Provided records below:

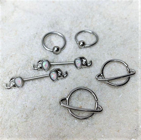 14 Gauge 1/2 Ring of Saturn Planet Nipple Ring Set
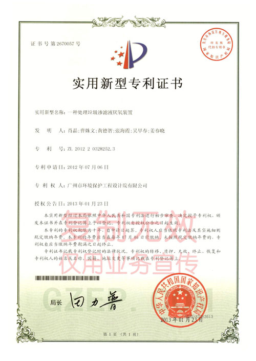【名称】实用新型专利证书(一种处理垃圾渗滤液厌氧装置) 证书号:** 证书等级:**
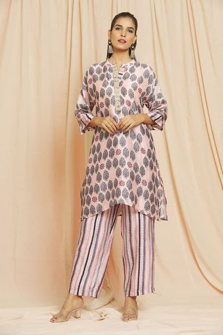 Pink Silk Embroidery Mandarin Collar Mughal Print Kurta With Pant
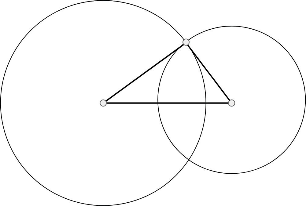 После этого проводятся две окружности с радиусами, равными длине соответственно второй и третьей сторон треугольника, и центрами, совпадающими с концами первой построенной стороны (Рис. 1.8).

End of Provided records.
Provided records below:

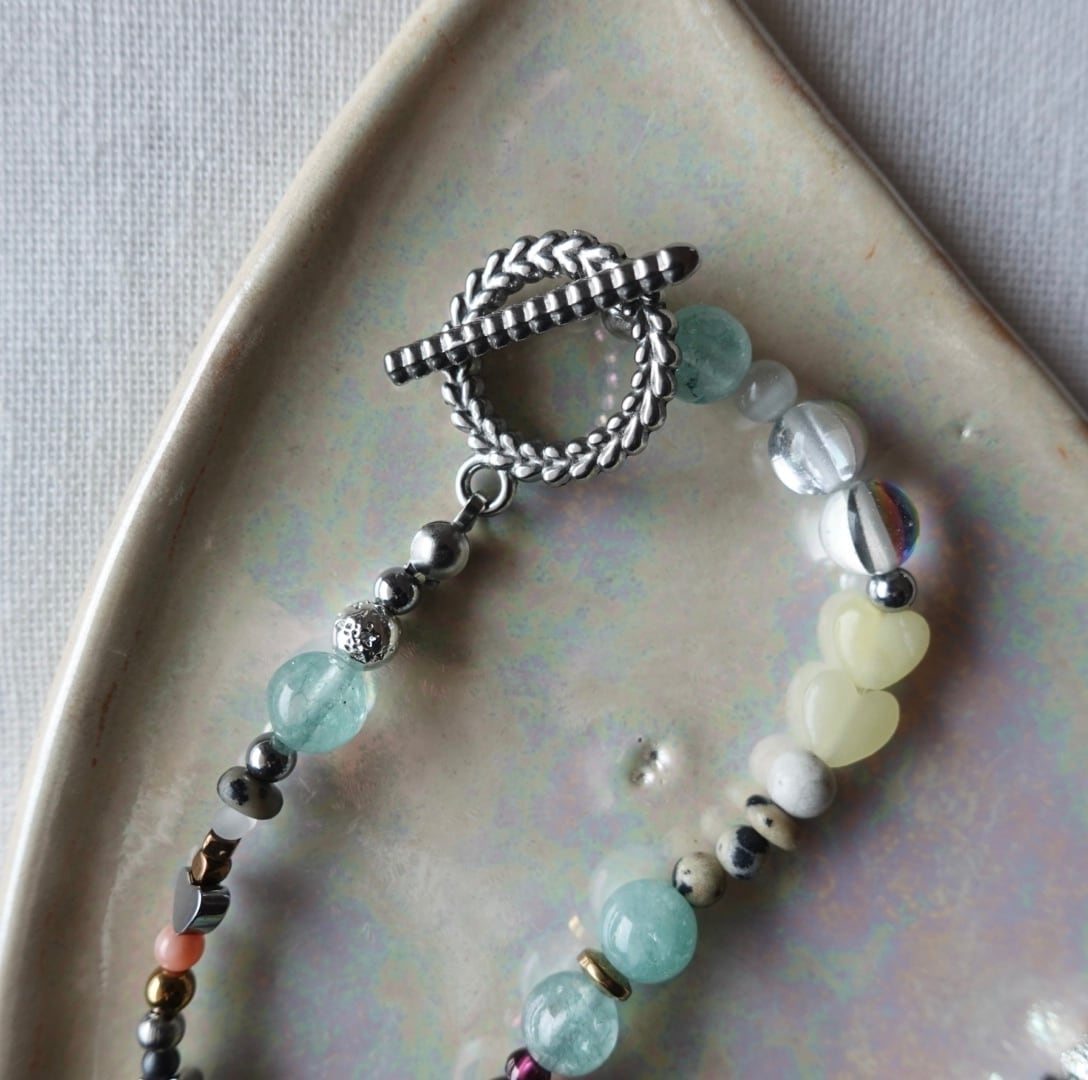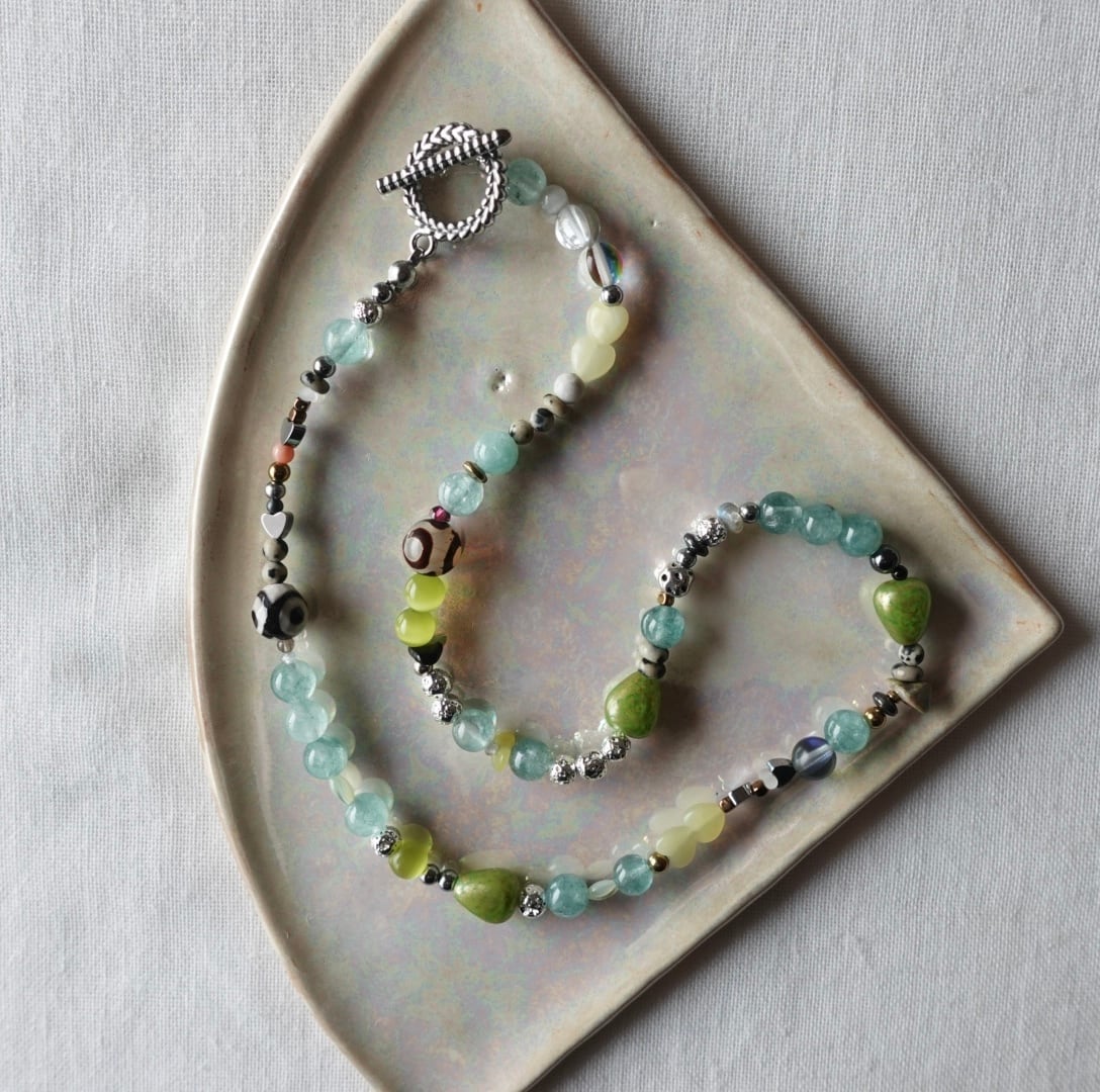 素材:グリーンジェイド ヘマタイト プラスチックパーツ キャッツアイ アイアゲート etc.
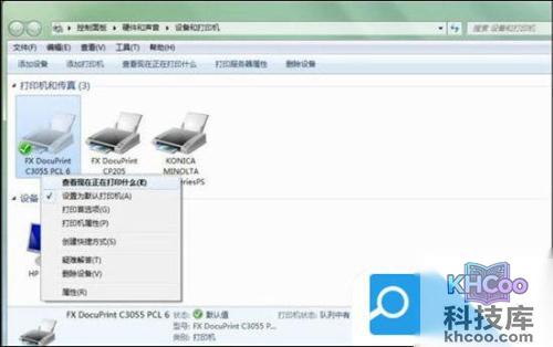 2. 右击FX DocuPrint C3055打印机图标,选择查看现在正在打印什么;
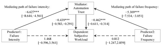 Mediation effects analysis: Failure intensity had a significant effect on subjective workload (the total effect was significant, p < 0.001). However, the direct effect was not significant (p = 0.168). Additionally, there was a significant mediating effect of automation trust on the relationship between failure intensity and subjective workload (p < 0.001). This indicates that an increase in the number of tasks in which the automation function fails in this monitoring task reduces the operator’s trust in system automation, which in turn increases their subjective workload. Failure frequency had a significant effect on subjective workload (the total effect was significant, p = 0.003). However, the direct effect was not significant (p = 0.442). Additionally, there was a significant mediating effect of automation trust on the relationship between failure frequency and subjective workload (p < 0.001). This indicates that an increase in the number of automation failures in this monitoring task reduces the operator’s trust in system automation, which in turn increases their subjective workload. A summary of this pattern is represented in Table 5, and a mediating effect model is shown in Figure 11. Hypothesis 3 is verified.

End of Provided records.

Assignment =>
Word for word, retype the lines in the entries above that run from the one with "14 Gauge 1/2" through the one with "Pink Silk Embroidery". Both ends count; pictures do not.

Task response =>
 14 Gauge 1/2 Ring of Saturn Planet Nipple Ring Set
【名称】实用新型专利证书(一种处理垃圾渗滤液厌氧装置) 证书号:** 证书等级:**
 Pink Silk Embroidery Mandarin Collar Mughal Print Kurta With Pant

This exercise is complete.